Dans mon boulot actuel, j’ai prévenu la responsable que j’étais autiste. Légalement, je n’y suis absolument pas contrainte, mais je tenais à ce que l’on prenne en compte cette spécificité. Il s’agissait d’un poste dans une asso qui défend des valeurs avec lesquelles je suis complètement d’accord, il me semblait important d’être honnête. D’emblée cette responsable semblait être prête à prendre en compte le SA, même si je n’ai pas tardé à comprendre qu’elle était tellement surchargée et débordée (du moins, c’est ce qu’elle montre, comme presque tout le monde dans l’asso) qu’on aurait peu d’occasions d’échanger autour de notre travail en commun. Je me suis également vite rendu compte qu’elle ne connaissait rien à l’autisme et ne souhaitais pas en apprendre plus. Lors de notre dernière conversation, où l’on devait faire un point général, je m’attendais à ce qu’on parle du travail, des tâches qui me sont confiées et de quelle manière nous nous y prenons, ce qu’il faut améliorer, ce qui marche etc. A ma grande surprise, elle a commencé à me dire que certaines de mes attitudes « lui posaient question » (une façon polie de dire qu’un personne te fais régulièrement chier). En gros, je suis trop catégorique dans mes propos, je vexe les gens, certains sujets reviennent trop régulièrement dans mes conversations et je ne m’adapte pas assez aux autres. Sans blaaaague. Elle a précautionneusement effleuré le sujet de l’autisme sans dire clairement que ça me servait d’excuse pour ne pas être une fille sympa.

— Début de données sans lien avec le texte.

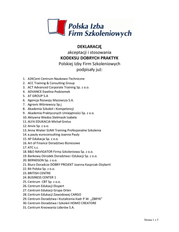 DEKLARACJĘ akceptacji i stosowania KODEKSU DOBRYCH PRAKTYK Polskiej Izby Firm Szkoleniowych podpisały już: 1. A2KCent Centrum Naukowo-Techniczne 2. ACC Training & Consulting Group 3. ACT Advanced Corporate Training Sp. z o.o. 4. ADVANCE Ewelina Podziomek 5. AT GROUP S.A 6. Agencja Rozwoju Mazowsza S.A. 7. Agrovis Wiśniewscy Sp.j 8. Akademia Szkoleń i Kompetencji 9. Akademia Praktycznych Umiejętności Sp. z o.o. 10. Aktywna Wiedza Stelmasik Izabela 11. ALFA EDUKACJA Michał Grelus 12. Anvix Sp. z o.o. 13. Anna Wiater SUMI Training Profesjonalne Szkolenia 14. a.pauly euroconsulting Joanna Pauly 15. AP Edukacja Sp. z o.o. 16. Art of Finance Doradztwo Biznesowe 17. ATC s.c. 18. B&O NAVIGATOR Firma Szkoleniowa Sp. z o.o. 19. Bankowy Ośrodek Doradztwa i Edukacji Sp. z o.o. 20. BERNDSON Sp. z o.o. 21. Biuro Doradcze DOBRY PROJEKT Joanna Kasprzak-Dżyberti 22. Bit Polska Sp. z o.o. 23. BRITISH CENTRE 24. BUSINESS CENTER 1 25. Centrum CBT Sp. z o.o. 26. Centrum Edukacji Ekspert 27. Centrum Edukacji Grupa Orlen 28. Centrum Edukacji Zawodowej CARGO 29. Centrum Doradztwa i Kształcenia Kadr P.W. „ZBRYK” 30. Centrum Doradztwa i Szkoleń HOMO CREATORE 31. Centrum Kreowania Liderów S.A. Strona 1 z 5 32. Centrum Kształcenia i Szkolenia Sp. z o.o. 33. Centrum Rozwiązań Menedżerskich S.A. 34. Centrum Rozwoju Coaching i Szkolenia 35. Centrum Szkoleniowo-Doradcze "KREATOR" Alina Plata 36. Centrum Szkolenia Zawodowego Sp. z o.o. 37. Centrum Tłumaczeń, Doradztwa i Edukacji PRAGMATIC 38. KORA Centrum Szkoleń 39. Centrum Szkolenia i Promocji „Prestige” 40. Centrum Szkoleniowe MENTOR 41. Centrum Szkoleń i Innowacji Grzegorz Miszczak 42. Certes Sp. z o.o. 43. CoachWise S.A. 44. COMARTIN - Szkolenia, Konsulting, Badania Rynku 45. Communication One Consulting Sp. z o.o. 46. Conart Sp. z o.o. 47. CONSULTING Firma Doradczo-Szkoleniowa Julita Orłowska-Szczepańska 48. Consultor Sp. Z o.o. 49. Consulman Pl Sp. z o.o. 50. CS Szkolenie I Doradztwo Sp. z o.o. 51. CE2 Centrum Edukacji M. Dziewa, E. Tarnas-Szwed Sp.j. 52. Creator Sp. z o.o. 53. Deinde Sp. z o.o. 54. DOOR GROUP S.A. 55. DOSCO Sp. z o.o. 56. DOSKAM Sp. z o.o. 57. CEDEGO 58. EMT-SYSTEMS Grzegorz Wszołek 59. English Unlimited Sp. z o.o. 60. ETTA Monika Chutnik 61. Europejski Instytut Edukacji Informatycznej 62. Europejski Instytut Psychologii Biznesu sp.j. 63. Europejskie Centrum Kształcenia "Eureka" Sp. z o.o. 64. Eurotraining - szkolenia i doradztwo Katarzyna Gieniec-Sarna 65. Eurocentrum Innowacji i Przedsiębiorczości 66. EXBIS Eksperci Biznesmenom - Szopa i Szóstak Sp. J. 67. Danish Technological Institute Polska Sp. z o.o. (dawniej FIRMA 2000 Sp. z o.o.) 68. Firma Szkoleniowa TRAKT 69. Fundacja Edukacja Bez Granic 70. Fundacja Nauki Języków Obcych „Linguae Mundi” 71. Fundacja Rozwoju Bankowości Spółdzielczej we Wrocławiu 72. Fundacja „Wałbrzych 2000” 73. Fundacja Warszawski Instytut Bankowości 74. GB Resources Polska Sp. z o.o. 75. Grupa Doradcza Projekt Sp. z o.o. 76. Grupa EK’s Polska 77. Grupa OSB s.c. Strona 2 z 5 78. Halibut Grupa Szkoleniowa Jakub Pałczyński 79. HEIDTMAN&PIASECKI 80. Konsorcjum doradczo - szkoleniowe S.A 81. HRP Czernecka, Jaszczyński sp.j. 82. Human Partner 83. Human Solutions E. Borowska, E. Pytlak Sp.j. 84. IDES Consultants Polska Sp. z o.o. 85. IMPACT POLSKA Sp. z o.o. 86. INCEPT Adam Tittinger i Wspólnik Spółka Jawna 87. INSPIRE Centrum Rozwoju Umiejętności s.c. Jakub Poradzisz, Lidia Poradzisz 88. Instytut Samorządu i Administracji Sp. z o.o. 89. INTEGRA Consulting 90. "INFO-BIZ" Profesjonalna Edukacja Mariola Wiśniewska 91. Inventi Consulting s.c. 92. Invento Marta Kowalczyk 93. INVICTUS Sp. z o.o. Ośrodek Konsultingowo Szkoleniowy 94. IRP Inwestycje-Rozwój-Personel Jarosław Niemczyk 95. J.G. Training Jadwiga Gwóźdź 96. JGL Logistics Wojtysiak Spółka Jawna 97. KDK INFO Sp. z o.o. 98. Centrum "TROP" Sp. z o.o. 99. Kontekst HR Sp. z o.o. 100. Kontrakt-OSH J.Gut, W.Haman, R.Zych Sp. J 101. Korporacja Umiejętności - ARKA Marcin Rogowski 102. Lauren Peso Polska S.A 103. Learn UP Sp. z o.o. 104. LEBIEDŹ CONSULTING Tomasz Lebiedź 105. Lechaa Consulting Sp. z o.o. 106. LP Products - Centrum Szkoleń i Kalibracji s.c Edward Lupa 107. Szkoła Języków Obcych MANDRAGORA Małgorzata Krawczyk 108. M&M Centrum Kształcenia Pielęgniarek s.c. 109. Mazowieckie Centrum Szkoleń Sp. z o.o. 110. Marzena Biuro Reklamowo – Handlowe Zbigniew Banaszek 111. Meditor Ośrodek Kształcenia Ustawicznego 112. MEDIATOR Ośrodek Szkoleń i Doradztwa Gospodarczego Małgorzata Wierzęć 113. Miedziowe Centrum Kształcenia Kadr Sp. z o.o. 114. MIĘDZYNARDOWA SZKOŁA BANKOWOŚCI I FINANSÓW Sp. z o.o. 115. MindLab Sp. z o.o. 116. MODERATOR s.c. 117. MPM Productivity Management Sp. z o.o. 118. MTD Marek Dziduszko 119. Nowe Motywacje Sp. z o.o. 120. OSI CompuTrain SA 121. Ośrodek Doradztwa i Treningu Kierowniczego Spółdzielnia 122. Ośrodek Kształcenia Zawodowego „Elpro” Sp. z o.o. 123. Ośrodek Pomocy i Edukacji Psychologicznej INTRA Strona 3 z 5 124. 125. 126. 127. 128. 129. 130. 131. 132. 133. 134. 135. 136. 137. 138. 139. 140. 141. 142. 143. 144. 145. 146. 147. 148. 149. 150. 151. 152. 153. 154. 155. 156. 157. 158. 159. 160. 161. 162. 163. 164. 165. 166. 167. 168. 169. Ośrodek Szkoleń i Informacji EFFECT Ośrodek Szkolenia Technicznego Sp. z o.o. O.K. Centrum Języków Obcych Sp. z o.o. PAIZ Konsulting Sp. z o o. PDC Consensus Pegaz Group Sp. z o.o. Personel Profit Sp. z o.o. Perspektywa Tomasz Tynderenda P.H.U. „QT SYSTEM” PM – Doradztwo Gospodarcze Sp. z o.o. PM GROUP LAAX Sp. z o.o. Sp. k. (dawniej PM GROUP Zubrycki, Panasewicz Sp.j.) Podkarpacka Akademia Przedsiębiorczości Katarzyna Podraza Polska Akademia Rachunkowości S.A. Polska Izba Przemysłu Farmaceutycznego i Wyrobów Medycznych „POLFARMED” Polskie Centrum Certyfikacji Sp. z o.o. Pomorska Akademia Kształcenia Zawodowego w Słupsku Sp. z o.o. Praxis s.c. PRO BUSINESS SOLUTIONS Adam Beniowski PROGRESA Sp.

La conversation fut interrompue et elle me dit que nous lui donnerions suite. J’avoue que j’étais assommée par ses reproches (qui étaient apparemment partagés par certaines personnes avec qui je travaille et qui n’ont jamais abordé le sujet). Juste avant de commencer cette conversation, je me sentais plutôt bien, j’avais le sentiment que je réalisais convenablement les tâches que l’on me confiait et commençait à me sentir pousser des ailes. Pour être honnête, je dois dire qu’à chaque fois que j’éprouve ce genre de sentiment de bien-être dans un lieu, une connasse se présente pour me sortir ce genre de propos. Un peu comme si elle m’avait repérée comme étant une inadaptée et se donnait la mission de me maintenir dans cette position. « Attention, va pas croire que tu peux te sentir complètement à l’aise ici, regarde ce qu’on pense de toi ». Et bim, dans ta (ma) gueule.

Je ne suis pas une pro de l’impro, il me faut plusieurs jours pour comprendre ce qui se cache derrière les paroles des gens, surtout celles dont les intentions ne sont pas explicites. J’ai finalement opté de ne pas poursuivre cette conversation, qui à mes yeux n’a pas lieu d’être. En effet, qui est cette normopathe pour me reprocher mes attitudes propres à l’autisme? Que fait-elle de la vraie raison de ma présence ici, qui est de travailler? Comment ose-t-elle se poser en supérieure hiérarchique, celle qui a raison et qui peut donner des leçons à la sociopathe que je suis? Elle s’est pris pour une psy comportementaliste, ou bien? Sans manquer bien sûr de lui signifier son ingérence.

La question qui se pose à présent est: dois-je continuer jusqu’à la fin de mon contrat? J’ai terriblement envie de partir et en même temps j’en ai plus que marre de fuir face à la crétinerie congénitale des homo sapiens qui m’entourent. Sans compter qu’une petite partie de moi a tout de même bien envie de les faire chier jusqu’au bout.